It is worth noting that the attribution of mental disorders to the consumption of psychoactive substances, and especially of alcohol, was not novel; rather, it was often evoked during psycho-education sessions and humanitarian coordination meetings taking place in the settlement. In interviews and casual conversations NGO workers and refugees often remarked, in a matter-of-fact manner, that poverty and unemployment led people to alcoholism. This is a causal dynamic well-established in policy and academic literature (see e.g., Marlow et al. Citation2021), and particularly widespread in the social worlds in which the lives of refugees and Ugandan workers alike were embedded (see e.g., Meinert and Whyte Citation2017). Yet, in both political and organisational discourse in Palabek, the relationship between states of unemployment and alcoholism was left unaddressed or denied – at times with paradoxical results. For example, in the course of a mental health-focused inter-agency meeting, OPM officials proposed to tackle the rampant issue of alcoholism among refugees in Palabek by issuing a settlement-wide policy that would outlaw brewing and selling alcohol. A loud hum suddenly filled the room – an unusual occurrence, given that the rigid vertical structure of these meetings generally discouraged disagreement from participants. Immediately, an employee of a livelihood-focused NGO stood up and spoke to the OPM official leading the session:

Making the brewing or drinking of alcohol illegal is not the answer. This is an income generating activity … we need to engage people in other income-generating activities if we want it to stop.

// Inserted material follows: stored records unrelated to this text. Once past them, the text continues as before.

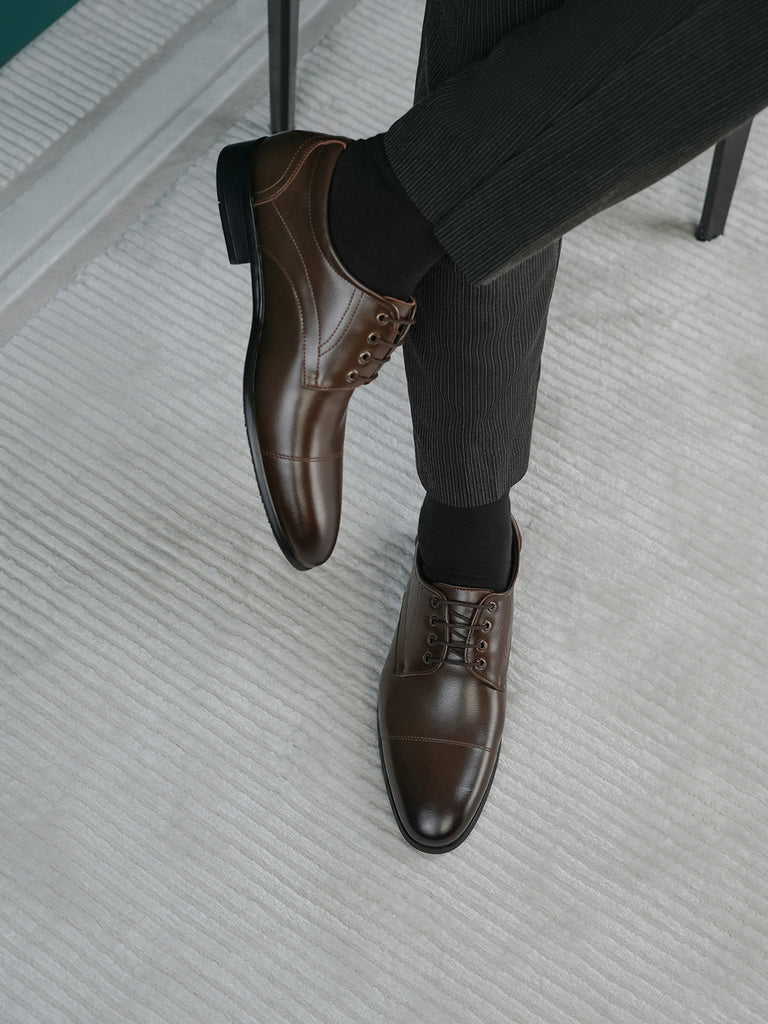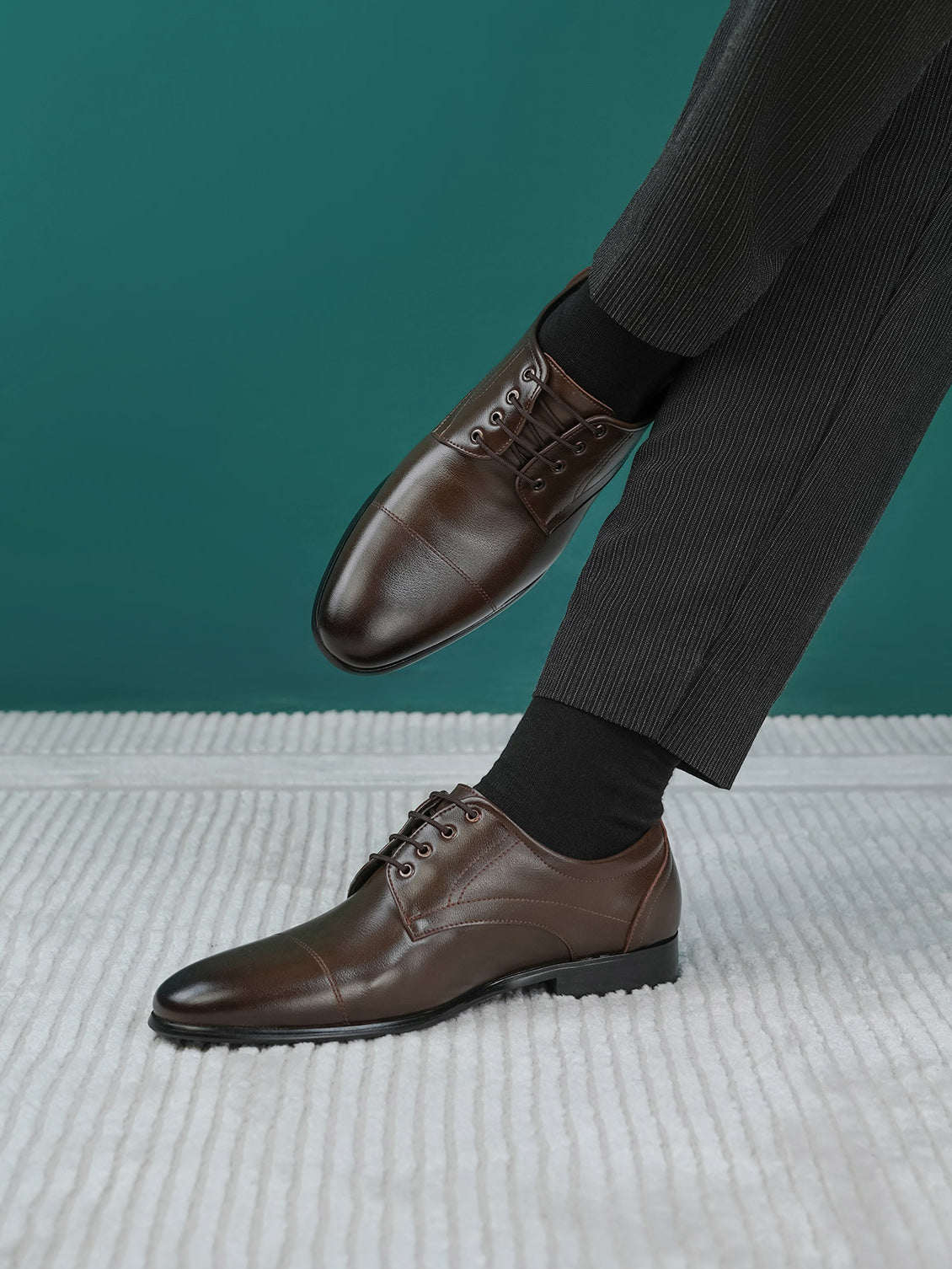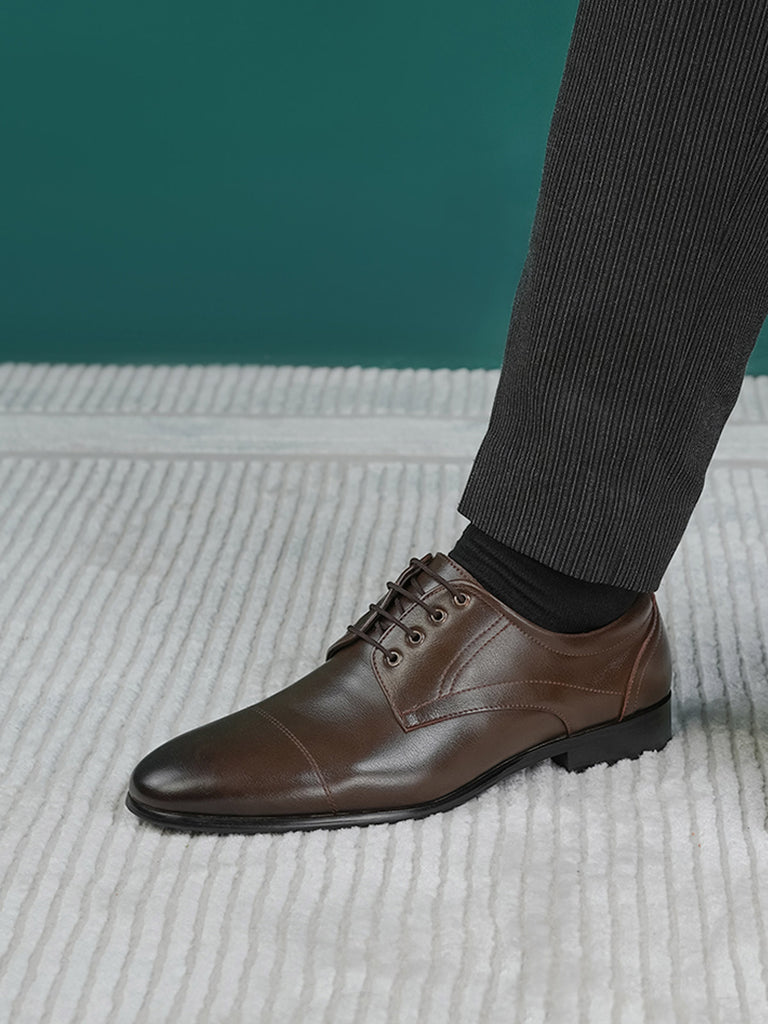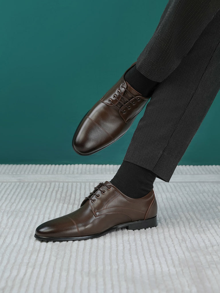 Polish your formal look with these men’s lace-up leather shoes, tailored for classic refinement and modern confidence. Featuring a sleek cap-toe design, rich black leather upper, and detailed stitching, this pair offers both durability and distinction.
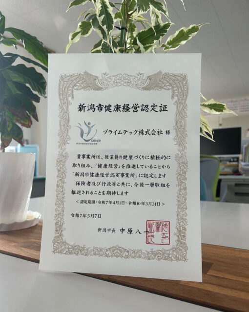 弊社が『新潟市健康経営認定事業所 シルバークラス』として認定されました。
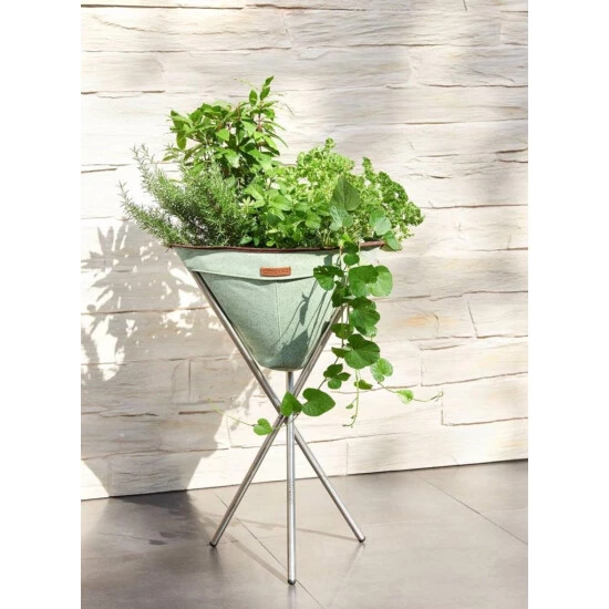 * Textiler Pflanzenbehälter aus hochwertigem und outdoorfähigem Gewebe * Dank Dreibeinkonstruktion flexibler Stand auf allen Untergründen Der textile Pflanztopf TRIPOTT ist ein Blickfang im Garten auf der Terrasse oder auf dem Balkon. Seine Höhe von 74 cm eignet sich hervorragend zum Gärtnern egal ob zum Anbau von Kräutern Gemüse oder Zierpflanzen. Der 3-schichtige Pflanzbeutel ist herausnehmbar und sorgt für ein optimales Wurzelklima. Das Gestell aus Edelstahl sorgt für Stabilität und unterstreicht das außergewöhnliche Design. * Stilvoller Hingucker auf jeder Terrasse und jedem Balkon * Herausnehmbarer Pflanzbeutel mit eingenähtem Tunnelzug * Sorgt für ein optimales Wurzelklima * Einfacher Aufbau ohne Werkzeug * Volumen ca. 12 Liter * Maße ca: 50 x 45 x 78 cm Lieferung ohne Pflanze!
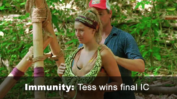 Overall scores note: Tess's scores (relative to Lisa's and Dave's) really reflect the divergence in preference between SurvSc and SurvAv. SurvSc rewards voting people out, votes against are not a big deal, and challenges are a minor component. For SurvAv, voting people out and receiving votes are both important, but a lot of individual challenge wins can elevate your score. Tess leads in SurvAv, due to three individual challenge wins (vs. two for Dave, zero for Lisa). Dave and Lisa have both voted a lot of people out, though, and have nearly double Tess's SurvSc totals. Perhaps something in the middle would be the best gauge?

I have gone to these people, I have had a focus group discussion to understand the drinking issue. This is a psychosocial issue; people drink to forget, because there is nothing for them to do in the settlement.Footnote4

Other NGO workers, several of whom had been working in the settlement for extended periods of time, nodded and murmured in agreement. For a couple of minutes, it seemed many of them had anecdotes from their field activities that confirmed their colleague’s argument and were eager to discuss them. The OPM official did not engage with the NGO worker’s comment, instead repeating that steps towards the outlawing of alcohol production would be considered. Eventually the buzz dissipated, and the coordination meeting continued uneventfully.

Financial Trainings as Mental Health Interventions: Psychiatrising Poverty

A group of around thirty South Sudanese women are gathered under the shade of an iron sheet and UNHCR-marked tarpaulin structure. Despite it being early in the day, the heat underneath the roof is suffocating. It is mid-November, and we are approaching the end of rainy season; the rains have already become heavier and shorter, which many people are worried will mean that this year’s dry season will start sooner than usual. Deforestation and climate change have heavily affected the seasonal rainfall patterns in the region, which has become more unreliable over the past few years. The women sit in silence on mats on the floor, some playing with the small children they brought along, taking them outside when they get too restless.

The structure where the refugees are gathered serves both as an Anglican church on Sundays and as a community meeting point. Today it is the site of a ‘financial literacy’ training, delivered by one of the main NGOs working in the MHPSS field. This is standard procedure for this organisation and many similar ones. NGO employees tour each area of the settlement and carry out diagnostic interviews with refugees that have been previously identified by local leaders. Those that fit the psycho-diagnostic criteria for depression or PTSD qualify for taking part in the programme, and are divided in groups of ten or twelve participants. Over the next months, the groups undergo ten sessions of Cognitive and Behavioural Therapy (CBT-T) for trauma. Once the sessions are over, representatives from the groups receive a one-day financial training where they are taught basic trade skills (e.g., keeping books and managing savings). Shortly after, the original groups each receive a sum of money (usually up to 600,000 Ugandan shillings, around 155 US dollars) to start a communal business. Only individuals who have undergone CBT are entitled to partake in the business creation. By requiring refugees to undergo a form of therapy in order to access financial resources, this programme establishes a straightforward relationship between mental health and entrepreneurial economic ability – and by the same logic, between mental illness and poverty (Torre Citation2021). The trainer explains the refugees: ‘You have been through ten CBT sessions; this means you are now doing well, so you have to do something’. Throughout the training, conducted in Acholi and translated in Arabic by one of the women for the non-Acholi speakers present, the linguistic register of mental illness is employed several times as a metaphor for poor entrepreneurial spirit: ‘If you go to the market and buy a cup of lacere [small fish] for 500 shillings and then sell it again for 500 shillings, people will say you are mad in the head!’.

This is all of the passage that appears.